* EXERCISE OBJECTIVE
Look below for the line holding "Armour Star Sliced Dried Beef is" and the line holding "马继华老师认为王楚钦直接退赛". Transcribe exactly those lines and all lines between them, nothing more.

* MATERIAL FOR THIS EXERCISE
────────────────────────────────────────

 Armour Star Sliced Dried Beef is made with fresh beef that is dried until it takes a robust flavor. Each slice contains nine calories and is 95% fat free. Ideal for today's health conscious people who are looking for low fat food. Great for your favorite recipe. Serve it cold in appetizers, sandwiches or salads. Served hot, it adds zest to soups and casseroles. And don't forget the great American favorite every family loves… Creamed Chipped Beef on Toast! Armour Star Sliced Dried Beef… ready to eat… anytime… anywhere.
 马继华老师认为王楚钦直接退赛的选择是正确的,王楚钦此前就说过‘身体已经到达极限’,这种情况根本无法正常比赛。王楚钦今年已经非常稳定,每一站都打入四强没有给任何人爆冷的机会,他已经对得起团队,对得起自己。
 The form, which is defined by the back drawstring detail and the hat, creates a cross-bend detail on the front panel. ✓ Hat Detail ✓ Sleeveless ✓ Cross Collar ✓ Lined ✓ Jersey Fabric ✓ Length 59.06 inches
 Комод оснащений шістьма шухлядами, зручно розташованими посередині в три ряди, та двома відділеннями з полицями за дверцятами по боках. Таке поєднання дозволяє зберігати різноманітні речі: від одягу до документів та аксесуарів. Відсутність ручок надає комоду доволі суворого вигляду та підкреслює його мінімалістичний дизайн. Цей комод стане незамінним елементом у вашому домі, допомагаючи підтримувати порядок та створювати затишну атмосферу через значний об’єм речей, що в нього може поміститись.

────────────────────────────────────────

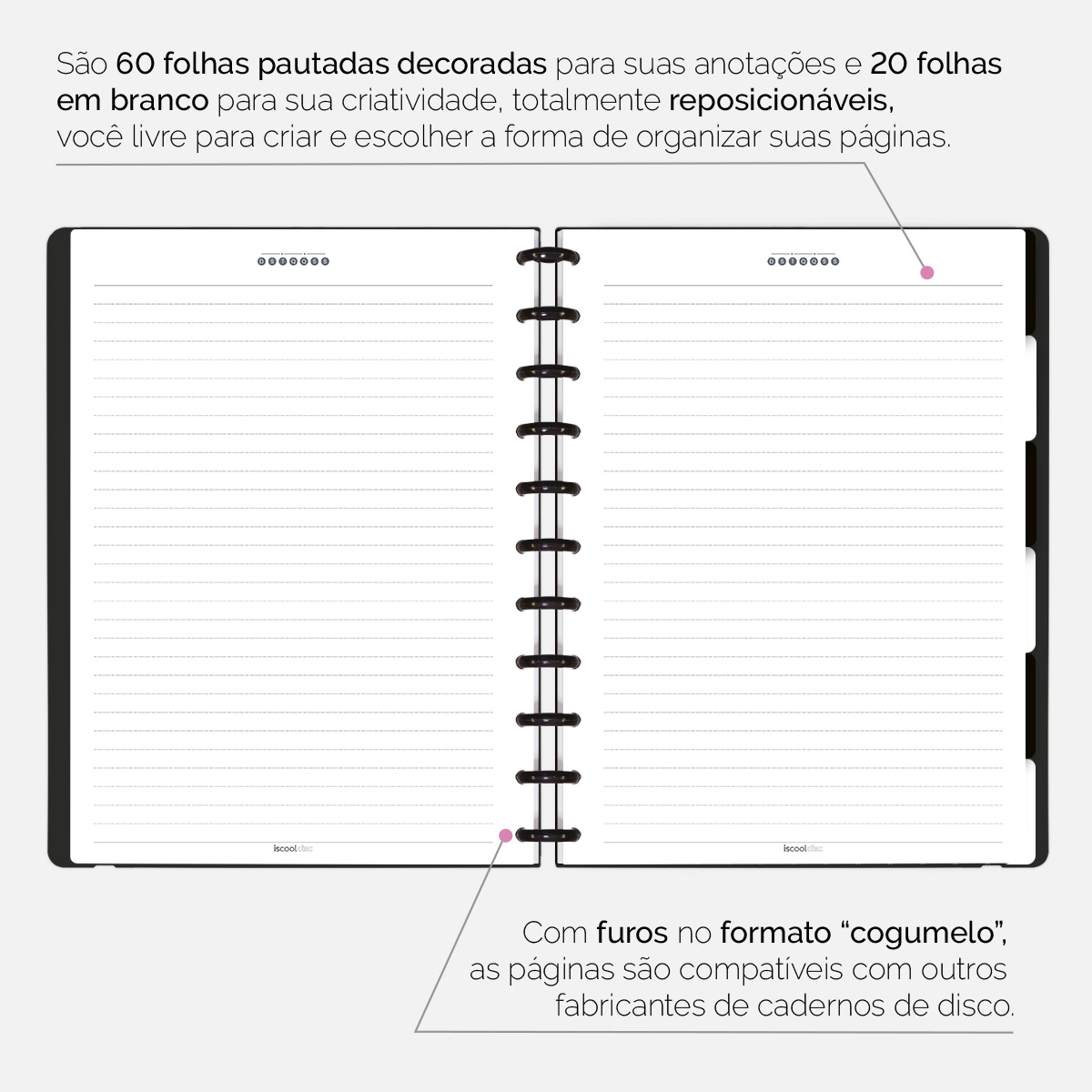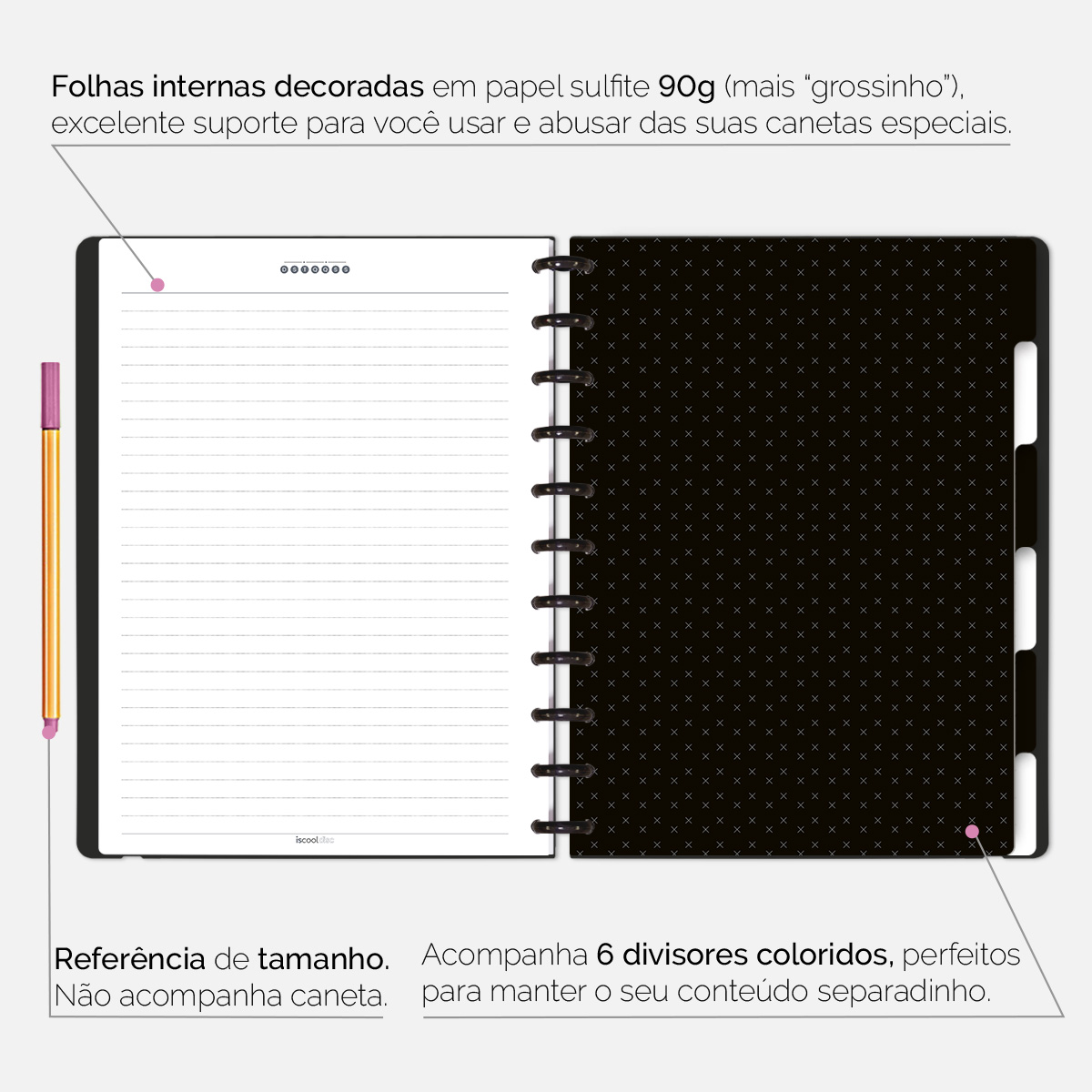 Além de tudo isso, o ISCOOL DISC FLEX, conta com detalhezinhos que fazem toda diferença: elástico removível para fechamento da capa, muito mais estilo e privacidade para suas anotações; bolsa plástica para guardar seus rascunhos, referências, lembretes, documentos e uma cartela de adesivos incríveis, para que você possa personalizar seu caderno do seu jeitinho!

────────────────────────────────────────

* ANSWER BOX
 Armour Star Sliced Dried Beef is made with fresh beef that is dried until it takes a robust flavor. Each slice contains nine calories and is 95% fat free. Ideal for today's health conscious people who are looking for low fat food. Great for your favorite recipe. Serve it cold in appetizers, sandwiches or salads. Served hot, it adds zest to soups and casseroles. And don't forget the great American favorite every family loves… Creamed Chipped Beef on Toast! Armour Star Sliced Dried Beef… ready to eat… anytime… anywhere.
 马继华老师认为王楚钦直接退赛的选择是正确的,王楚钦此前就说过‘身体已经到达极限’,这种情况根本无法正常比赛。王楚钦今年已经非常稳定,每一站都打入四强没有给任何人爆冷的机会,他已经对得起团队,对得起自己。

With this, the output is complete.